#### SUPPLIED ENTRIES:
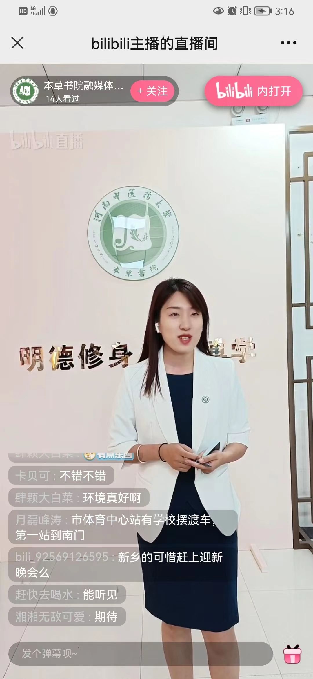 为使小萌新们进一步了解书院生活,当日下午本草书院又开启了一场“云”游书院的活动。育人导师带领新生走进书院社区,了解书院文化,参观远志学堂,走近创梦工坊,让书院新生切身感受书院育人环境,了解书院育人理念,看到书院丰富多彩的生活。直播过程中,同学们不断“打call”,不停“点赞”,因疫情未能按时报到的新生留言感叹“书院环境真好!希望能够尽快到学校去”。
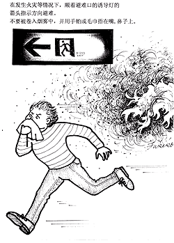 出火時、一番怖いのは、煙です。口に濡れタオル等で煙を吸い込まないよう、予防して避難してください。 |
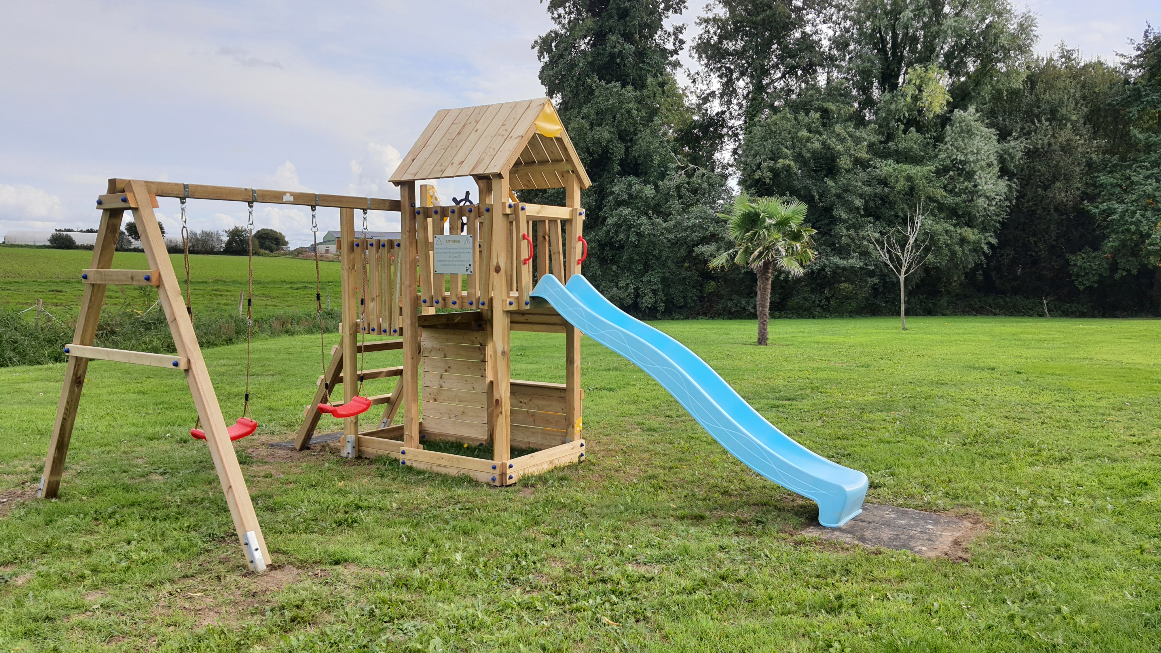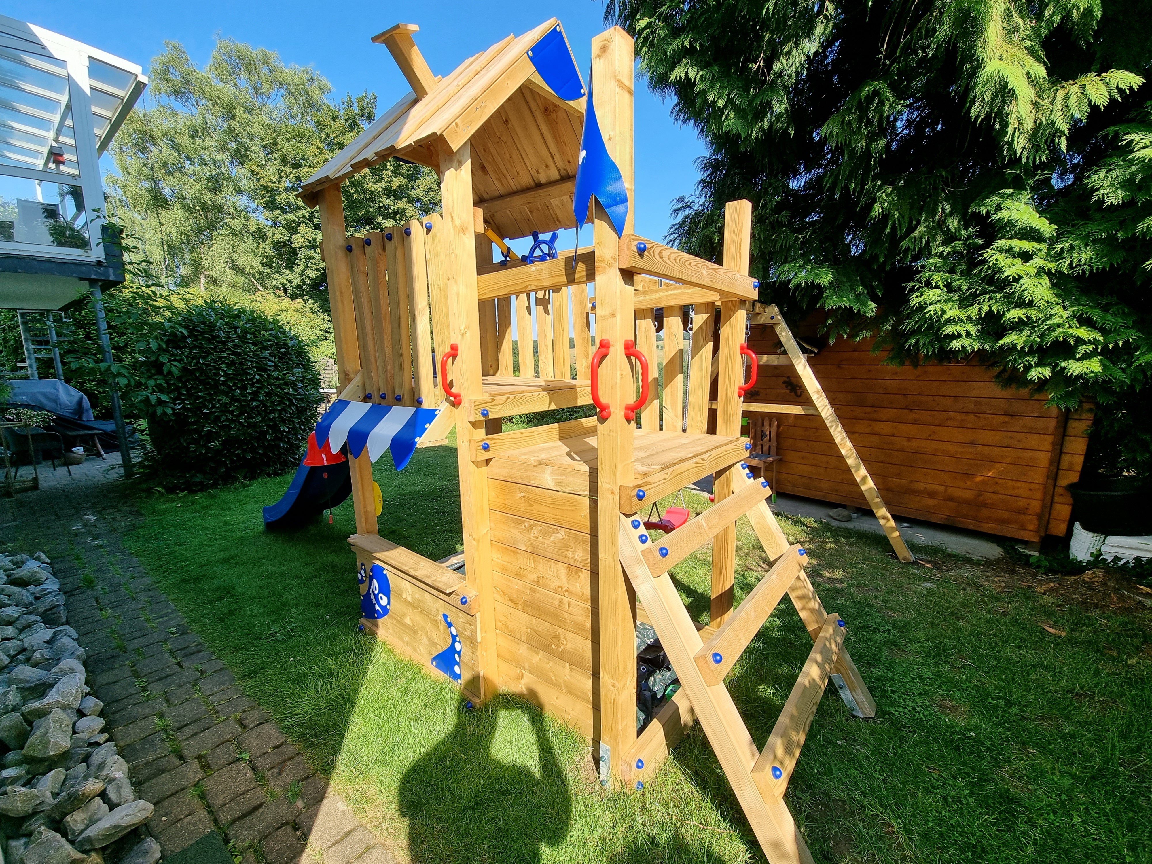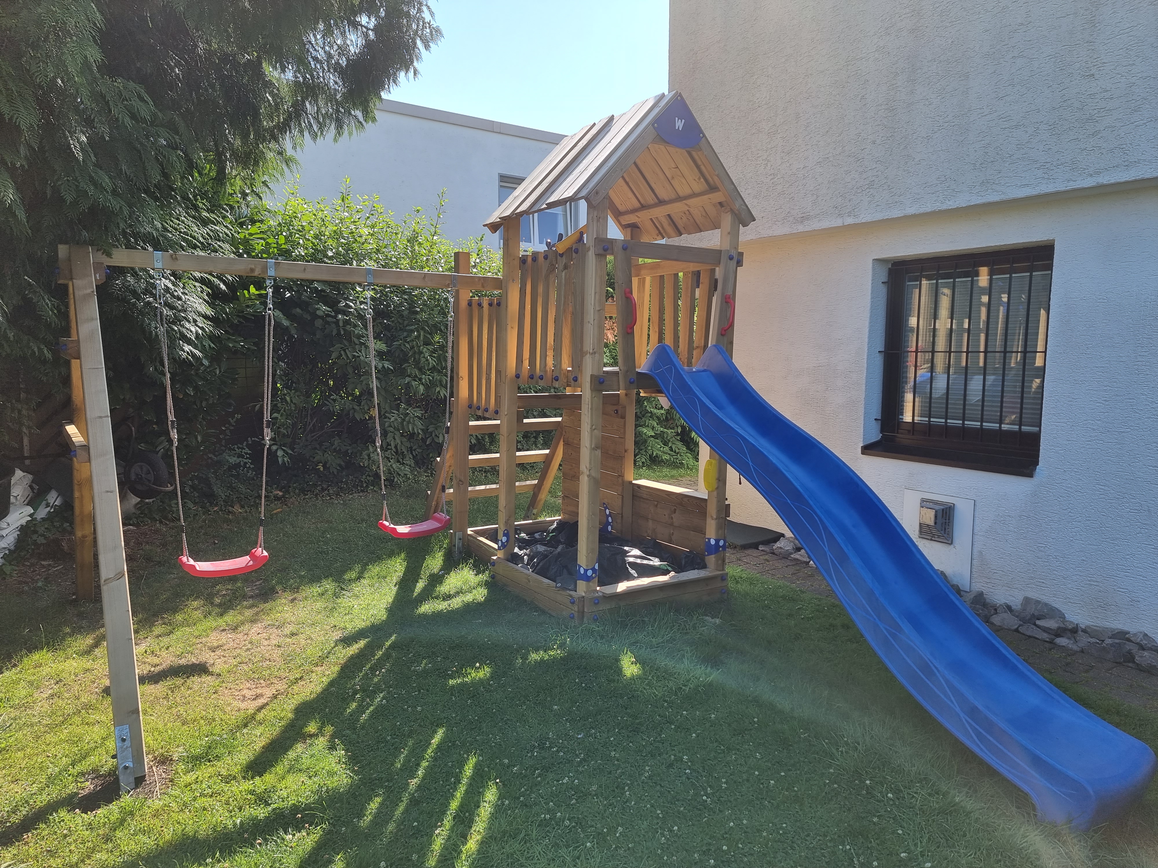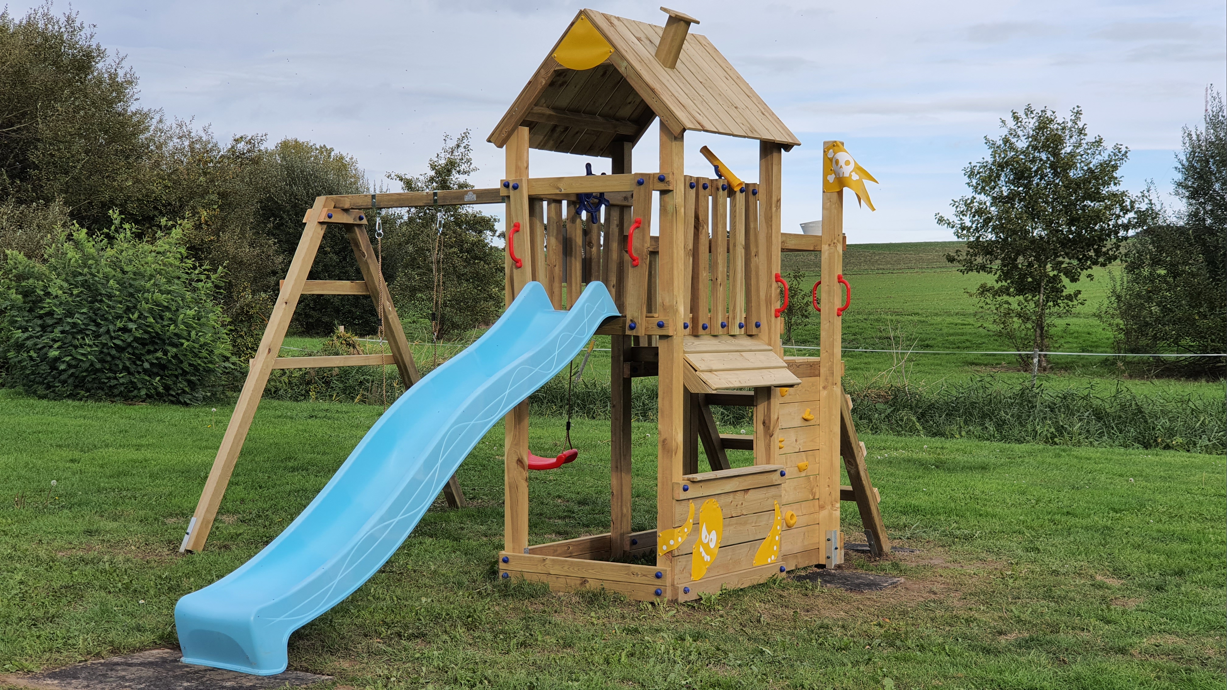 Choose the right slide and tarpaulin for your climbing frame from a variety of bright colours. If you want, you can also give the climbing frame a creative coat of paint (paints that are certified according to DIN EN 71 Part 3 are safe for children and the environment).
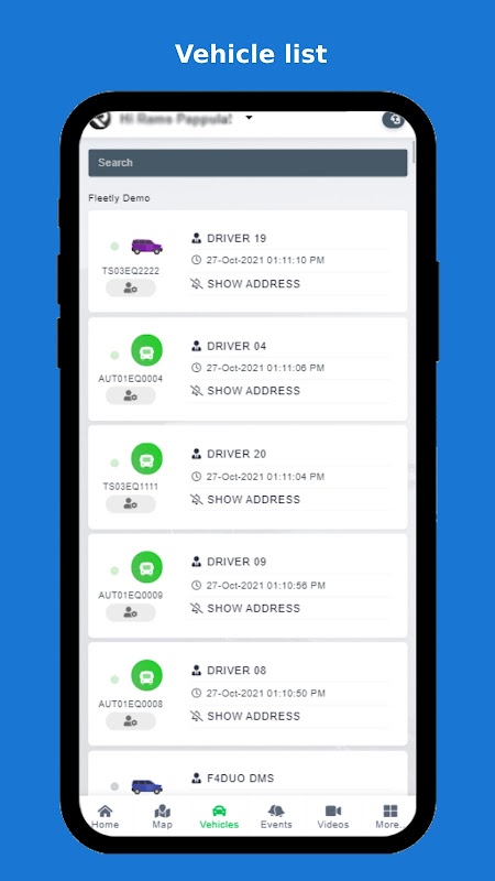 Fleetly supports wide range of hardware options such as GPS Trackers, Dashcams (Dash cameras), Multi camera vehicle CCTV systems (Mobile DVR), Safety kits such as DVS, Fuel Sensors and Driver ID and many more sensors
...
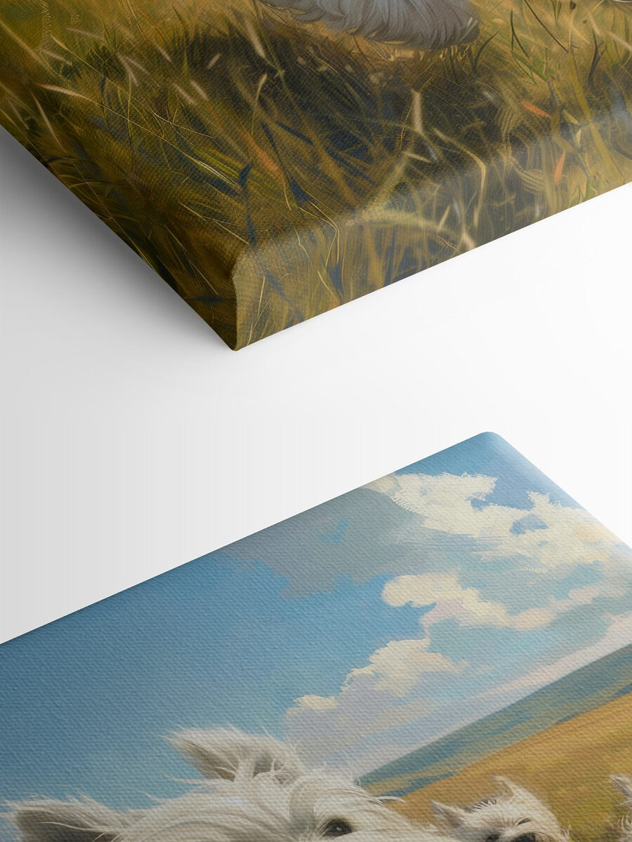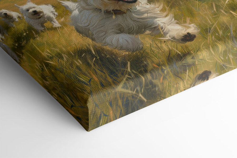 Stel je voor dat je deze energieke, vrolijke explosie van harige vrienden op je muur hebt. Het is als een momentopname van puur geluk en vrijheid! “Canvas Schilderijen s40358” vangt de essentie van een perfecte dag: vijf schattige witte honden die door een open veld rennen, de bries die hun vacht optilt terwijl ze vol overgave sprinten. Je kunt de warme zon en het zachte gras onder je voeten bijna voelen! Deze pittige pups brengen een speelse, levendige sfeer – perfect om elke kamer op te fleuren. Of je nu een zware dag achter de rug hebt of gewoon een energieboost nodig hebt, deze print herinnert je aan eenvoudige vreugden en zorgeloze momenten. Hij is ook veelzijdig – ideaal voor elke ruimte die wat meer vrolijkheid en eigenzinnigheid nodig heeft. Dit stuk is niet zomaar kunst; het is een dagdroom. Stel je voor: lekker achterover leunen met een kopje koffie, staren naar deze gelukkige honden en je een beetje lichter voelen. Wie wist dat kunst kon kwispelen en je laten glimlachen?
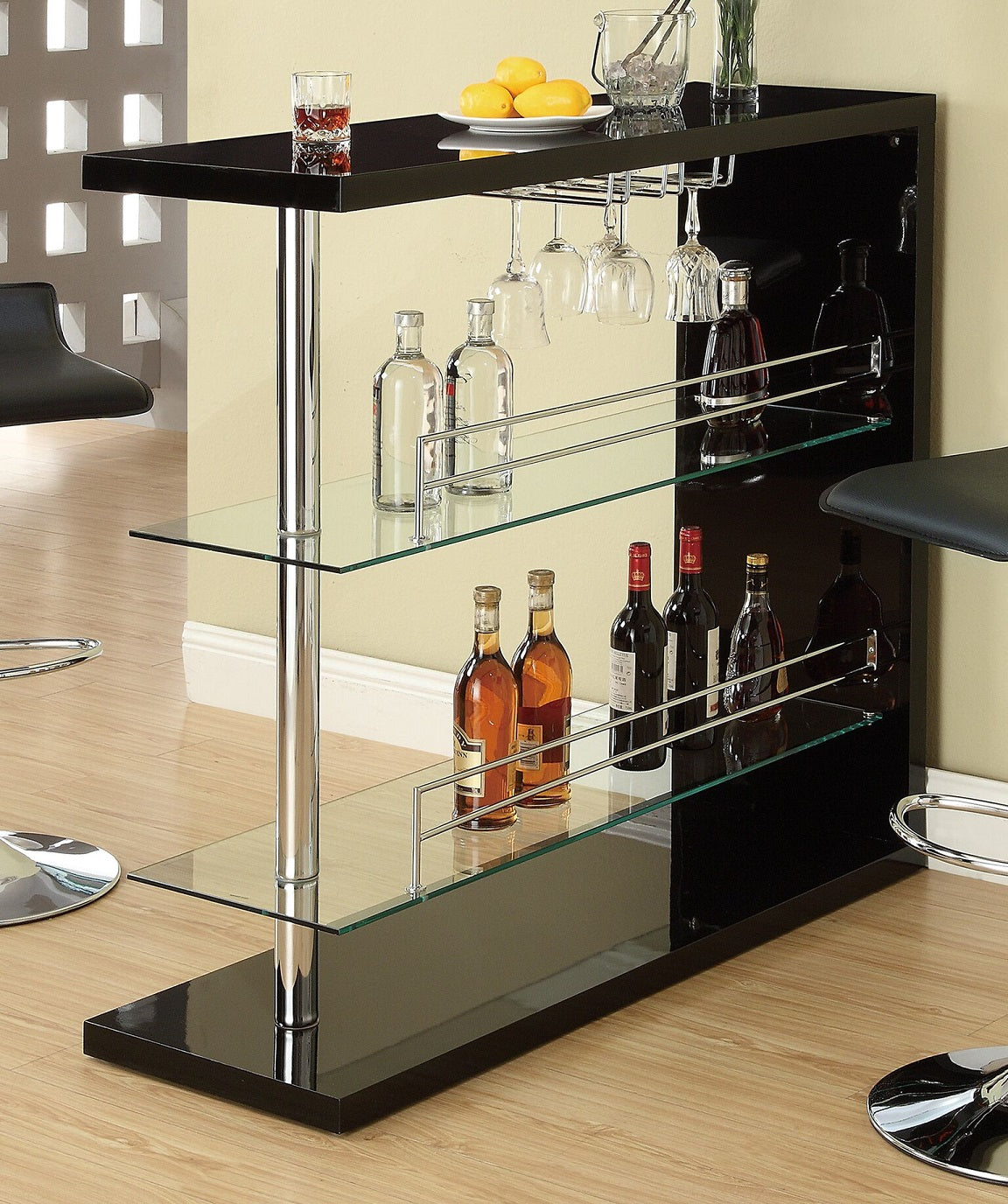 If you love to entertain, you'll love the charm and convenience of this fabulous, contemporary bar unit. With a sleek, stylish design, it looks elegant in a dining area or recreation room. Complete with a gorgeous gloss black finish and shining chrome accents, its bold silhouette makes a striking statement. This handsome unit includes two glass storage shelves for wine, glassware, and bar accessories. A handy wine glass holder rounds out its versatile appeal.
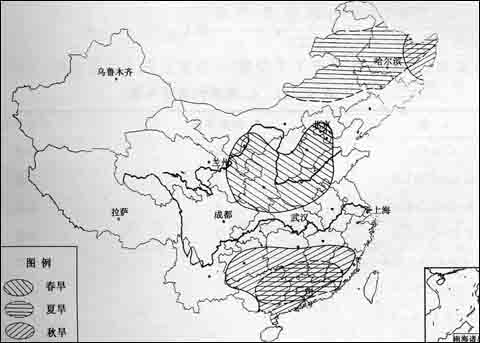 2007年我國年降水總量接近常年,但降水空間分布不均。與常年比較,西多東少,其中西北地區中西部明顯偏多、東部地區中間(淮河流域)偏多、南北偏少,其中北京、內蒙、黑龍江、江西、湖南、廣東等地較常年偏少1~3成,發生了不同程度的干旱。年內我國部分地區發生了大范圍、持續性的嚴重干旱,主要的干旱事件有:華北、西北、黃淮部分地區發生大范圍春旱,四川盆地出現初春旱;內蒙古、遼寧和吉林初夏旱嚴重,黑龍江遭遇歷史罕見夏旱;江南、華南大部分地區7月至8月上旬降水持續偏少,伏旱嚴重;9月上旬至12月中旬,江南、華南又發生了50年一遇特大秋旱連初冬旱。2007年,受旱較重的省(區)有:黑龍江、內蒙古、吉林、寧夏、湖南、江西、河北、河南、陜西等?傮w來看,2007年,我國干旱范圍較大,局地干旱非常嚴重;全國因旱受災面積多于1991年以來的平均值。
* * *
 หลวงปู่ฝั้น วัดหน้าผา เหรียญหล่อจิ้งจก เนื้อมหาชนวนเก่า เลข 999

#### TASK TO CARRY OUT:
Write out word for word the lines above that run from the one with "为使小萌新们进一步了解书院生" to the one with "Fleetly supports wide". Include both end lines; exclude the images.

#### ANSWER FOR THIS EXERCISE:
 为使小萌新们进一步了解书院生活,当日下午本草书院又开启了一场“云”游书院的活动。育人导师带领新生走进书院社区,了解书院文化,参观远志学堂,走近创梦工坊,让书院新生切身感受书院育人环境,了解书院育人理念,看到书院丰富多彩的生活。直播过程中,同学们不断“打call”,不停“点赞”,因疫情未能按时报到的新生留言感叹“书院环境真好!希望能够尽快到学校去”。
 出火時、一番怖いのは、煙です。口に濡れタオル等で煙を吸い込まないよう、予防して避難してください。 |
 Choose the right slide and tarpaulin for your climbing frame from a variety of bright colours. If you want, you can also give the climbing frame a creative coat of paint (paints that are certified according to DIN EN 71 Part 3 are safe for children and the environment).
 Fleetly supports wide range of hardware options such as GPS Trackers, Dashcams (Dash cameras), Multi camera vehicle CCTV systems (Mobile DVR), Safety kits such as DVS, Fuel Sensors and Driver ID and many more sensors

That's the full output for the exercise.